Но таких счастливых случаев было немного и в основном в начале оккупации, пока немцы считали себя хозяевами положения. А позже и немцы, и полицейские стали другими.
(Алексей, муж Кили, так и не подавал о себе знать. Только через год от родственников из Голосиловки стало известно, что группу мужчин, захваченных в деревне, немцы расстреляли на глазах женщин на лесной дороге за Голосиловкой. В этой группе якобы видели и Алексея.)
Ранней весной, когда начал спадать снег, Киля отправилась туда, разыскала эту дорогу и увидела убитых, трупы которых выступали из-под талого снега. Они уже разлагались, но она узнала мужа по полушубку и ремню, которым он был перепоясан; подошла, потянула за ремень…
- …Потянула, а ОН и развалился на две части, - говорила она чуть удивленно и просто, словно не могла поверить в увиденное, хотя рассказывала это уже не в первый раз, - как ремнем его перерезало… А ране-то и смысла идтить туда не было: не нашла бы… Говорили, к ним даже полицая поставили, чтобы не подходили и не хоронили своих… Всех мужиков в одну сторону отогнали, даже мальцов, а баб с девчонками – в другую, - требовали, чтобы указали, где партизаны, а они не говорили… Так всех мужиков и постреляли… Только один малец и выжил двухлетний: мать его себе под юбку запихала, и не заметили… Так и баб потом с детьми, всех угнали в Германию…      
Вот, что слышал и запоминал Алька в первую и следующие недели пребывания в Людиново, и уже не удивлялся тому, что его родственники отличаются от него самого и даже от детей с улицы Нариманова.

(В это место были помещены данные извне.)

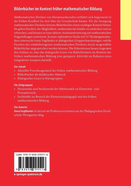Mathematisches Denken von Heranwachsenden entfaltet sich beginnend in der frühen Kindheit bis weit über die Grundschule hinaus. Für die Anregung mathematischen Denkens können Bilderbücher einen wichtigen Kontext bieten. Sie geben Kindern die Möglichkeit, mathematische Inhalte zu entdecken und zu erforschen, und können zu einer aktiven Auseinandersetzung mit mathematischen Fragestellungen motivieren. In einer explorativen Studie mit 117 Kindergartenkindern untersucht Anna Vogtländer in dialogischen Gruppenlesesitzungen, welche Facetten des inhaltsbezogenen mathematischen Denkens durch ausgewählte Bilderbücher angesprochen werden können. Die Erkenntnisse lassen insgesamt den Schluss zu, dass das dialogische Lesen von Bilderbüchern im Kontext der frühen mathematischen Bildung eine geeignete Aktivität im Rahmen eines integrativen Ansatzes darstellt.
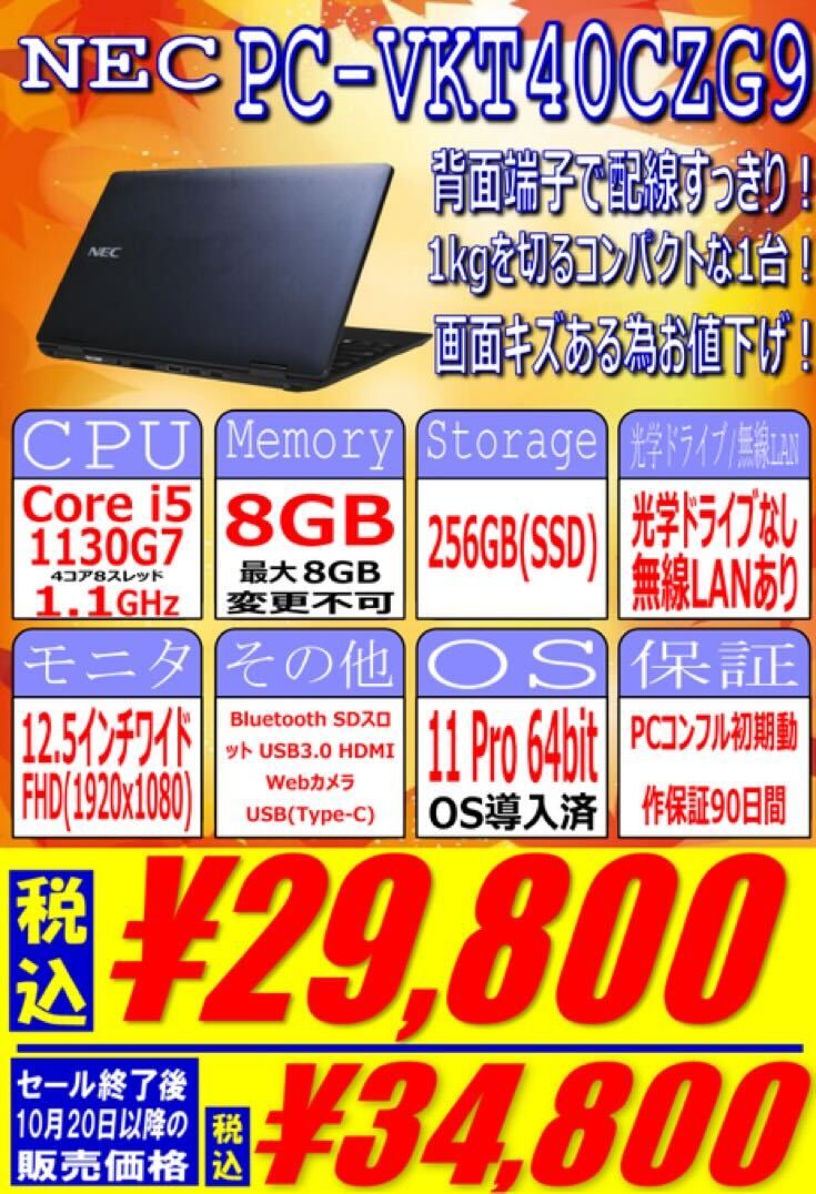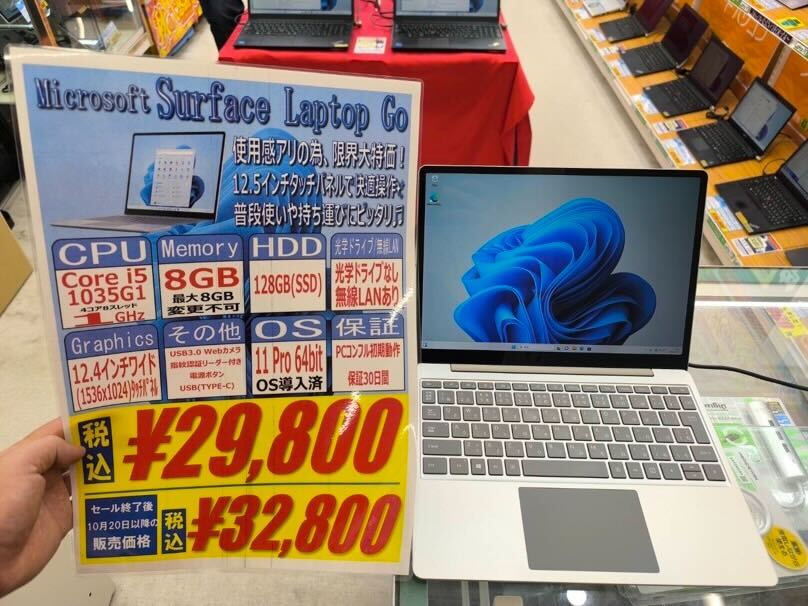 第10世代Core i5搭載、8GB / 128GB SSD、12.4インチワイドタッチパネル対応、Windows 11 proという構成で29,800円です。
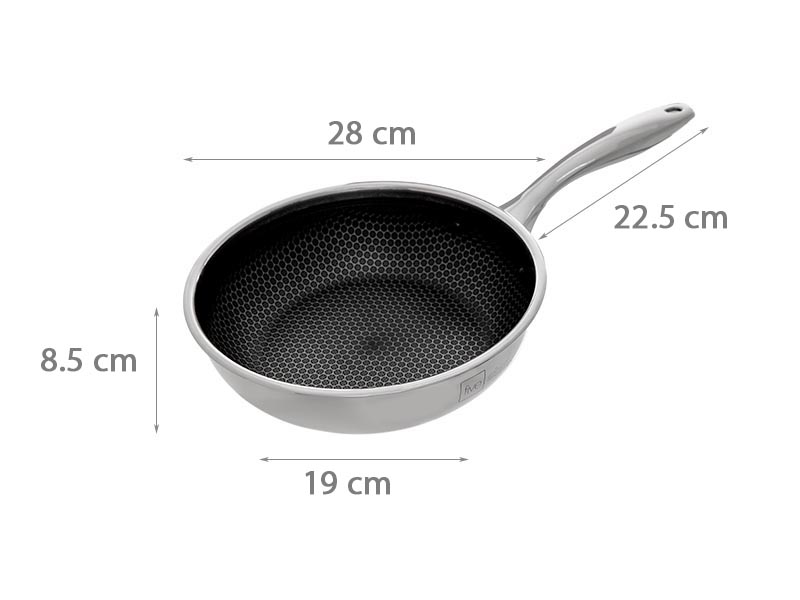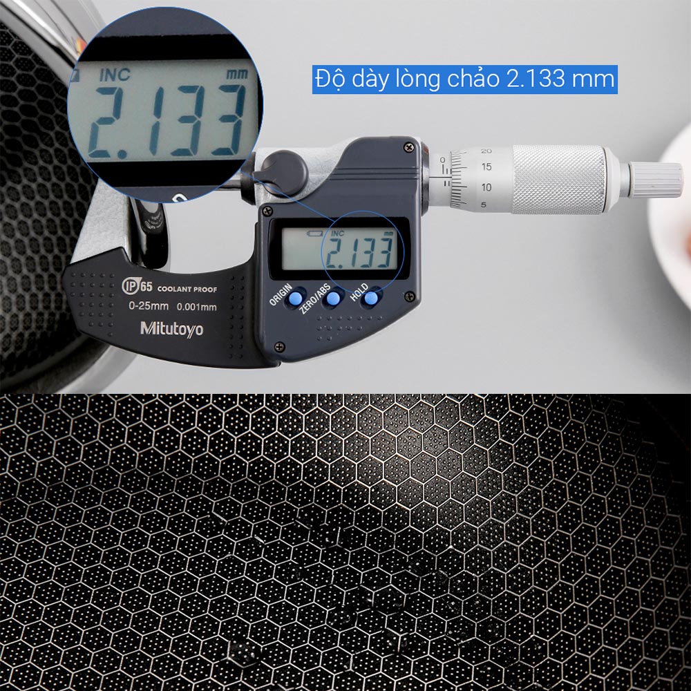 - Chảo inox sáng bóng phủ lớp chống dính siêu bền an toàn cho sức khỏe.

(С этим спасенным «мальцем», вернувшимся, к счастью, живым из Германии, и его матерью по фамилии Карповы, потом встретилась и Киля, и ее дочь Шура в Людинове, поскольку они оказались соседями, живущими на одной улице. Старший сын Шуры Володя, племянник Альки, видел этого Карпова и в детстве даже играл с его сыном, еще не зная, что его дед Алексей Астахов и трое Карповых похоронены на месте расстрела в одной братской могиле, где теперь стоит неказистый памятник пятнадцати мужчинам, не пожелавшим ничего сообщать немцам о партизанах.)
А тогда, гуляя с Витей или слушая эти рассказы женщин, Алька невольно задумался о том, а мог бы и он, как Витя или Стасик, или тот «малец», выдержать, все то, что было с ними при немцах: голод, эту жизнь по лесам, издевательство немцев и полицейских, крапиву и бочку с водой, - и теперь они живут совсем без отцов... И теперь живут труднее и беднее, чем Алька и его семья, но живут и не жалуются, и не хвастаются, кажется, не считают себя героями или какими-то особенными людьми?.. А смог бы он?
Он хорошо запомнил слова бабушки к деду: «А если донесут, что будем делать?», значит даже здесь, на Нариманова, были люди, которые могли донести на своих соседей?.. Почему такие разные люди?
Ведь он в Челябинске, живя в бараке и играя в войну на проспекте Спартака жалел, что был маленький и поэтому не мог попасть на настоящую войну и стрелять в ненавистных немцев. А жить, как его родственники, он смог бы?..
Он невольно проникался к этим людям сочувствием и уважением, даже чувством гордости за них, но вместе с этим чувством в нем зарождалось какое-то новое ощущение, связанное с ними и Людиново, какой-то новая неясность, вопрос, который он ощущал, но пока не мог уловить. Он ощущал, что эти люди отличаются от него и других людей, не переживших того же, отличаются все вместе чем-то особенным, даже необыкновенным, какой то внутренней слаженностью, но чем именно он не мог пока ни осознать, ни определить...
Это ощущение будет возвращаться к нему не один раз, когда он будет неоднократно приезжать в Людиново: в детстве, в юности, затем в зрелости, - и только через много лет, пересматривая свою и их жизни, стоя один на берегу Ломпади он осознает это чувство, поймет, что так волновало его еще в детстве, почему встревожило и закономерно объединило с ними на всю жизнь. Но до этого нужно было еще многое прожить и понять.
 
А пока…  лето проходило быстро, отпуск у мамы уже кончался, Алькины послевоенные дороги и открытия еще далеко не кончались, а надо было еще возвращаться обратно в Челябинск и думать о Ленинграде.